··· DATA ···

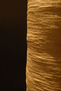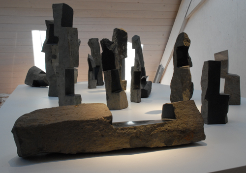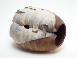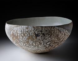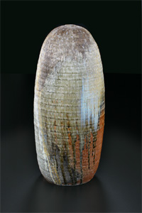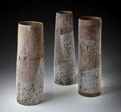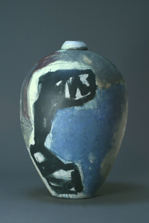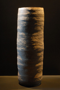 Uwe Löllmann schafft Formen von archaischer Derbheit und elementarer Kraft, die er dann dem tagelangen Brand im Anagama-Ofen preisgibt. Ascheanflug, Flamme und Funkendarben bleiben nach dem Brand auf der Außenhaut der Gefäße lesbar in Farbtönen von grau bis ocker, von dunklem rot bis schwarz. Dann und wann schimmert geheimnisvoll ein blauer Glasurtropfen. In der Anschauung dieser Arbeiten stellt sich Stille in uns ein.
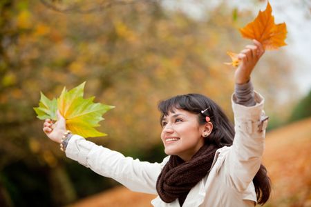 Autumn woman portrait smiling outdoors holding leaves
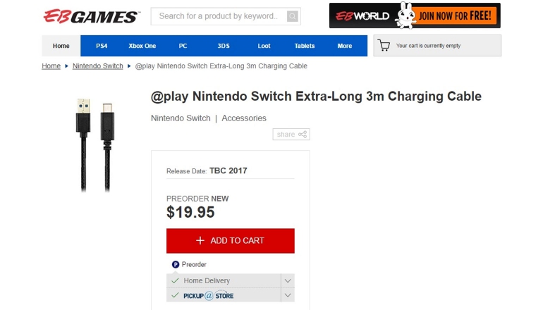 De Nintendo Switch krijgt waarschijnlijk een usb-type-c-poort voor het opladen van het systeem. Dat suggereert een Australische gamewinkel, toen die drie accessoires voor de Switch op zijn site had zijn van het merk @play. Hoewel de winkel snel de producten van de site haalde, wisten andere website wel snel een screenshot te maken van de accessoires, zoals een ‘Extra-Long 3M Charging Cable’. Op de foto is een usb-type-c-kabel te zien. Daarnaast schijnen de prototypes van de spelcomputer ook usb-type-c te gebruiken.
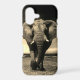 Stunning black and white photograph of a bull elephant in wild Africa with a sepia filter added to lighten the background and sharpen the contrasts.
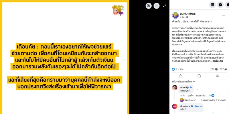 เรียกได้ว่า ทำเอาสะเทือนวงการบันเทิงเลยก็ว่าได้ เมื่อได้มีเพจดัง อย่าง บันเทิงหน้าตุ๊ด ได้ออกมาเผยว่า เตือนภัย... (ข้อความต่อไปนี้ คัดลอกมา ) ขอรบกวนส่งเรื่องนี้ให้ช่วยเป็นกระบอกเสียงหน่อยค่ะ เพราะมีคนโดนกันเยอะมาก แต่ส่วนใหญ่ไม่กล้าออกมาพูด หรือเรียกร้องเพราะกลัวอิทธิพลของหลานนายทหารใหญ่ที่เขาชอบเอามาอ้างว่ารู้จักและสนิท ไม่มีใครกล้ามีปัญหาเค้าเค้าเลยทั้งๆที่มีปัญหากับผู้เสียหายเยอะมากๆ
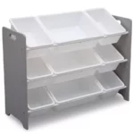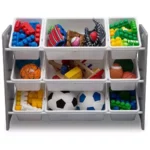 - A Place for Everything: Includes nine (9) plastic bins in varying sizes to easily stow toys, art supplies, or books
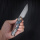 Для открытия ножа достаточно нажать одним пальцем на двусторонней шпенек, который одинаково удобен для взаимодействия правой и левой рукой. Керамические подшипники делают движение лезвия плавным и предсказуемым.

···

▶ **WHAT YOU HAVE TO DO**
Print, word for word, the lines above that run from the line containing "Autumn woman portrait" to the line containing "Stunning black and", both included. Keep the pictures out.

▶ **WRITTEN SOLUTION**
 Autumn woman portrait smiling outdoors holding leaves
 De Nintendo Switch krijgt waarschijnlijk een usb-type-c-poort voor het opladen van het systeem. Dat suggereert een Australische gamewinkel, toen die drie accessoires voor de Switch op zijn site had zijn van het merk @play. Hoewel de winkel snel de producten van de site haalde, wisten andere website wel snel een screenshot te maken van de accessoires, zoals een ‘Extra-Long 3M Charging Cable’. Op de foto is een usb-type-c-kabel te zien. Daarnaast schijnen de prototypes van de spelcomputer ook usb-type-c te gebruiken.
 Stunning black and white photograph of a bull elephant in wild Africa with a sepia filter added to lighten the background and sharpen the contrasts.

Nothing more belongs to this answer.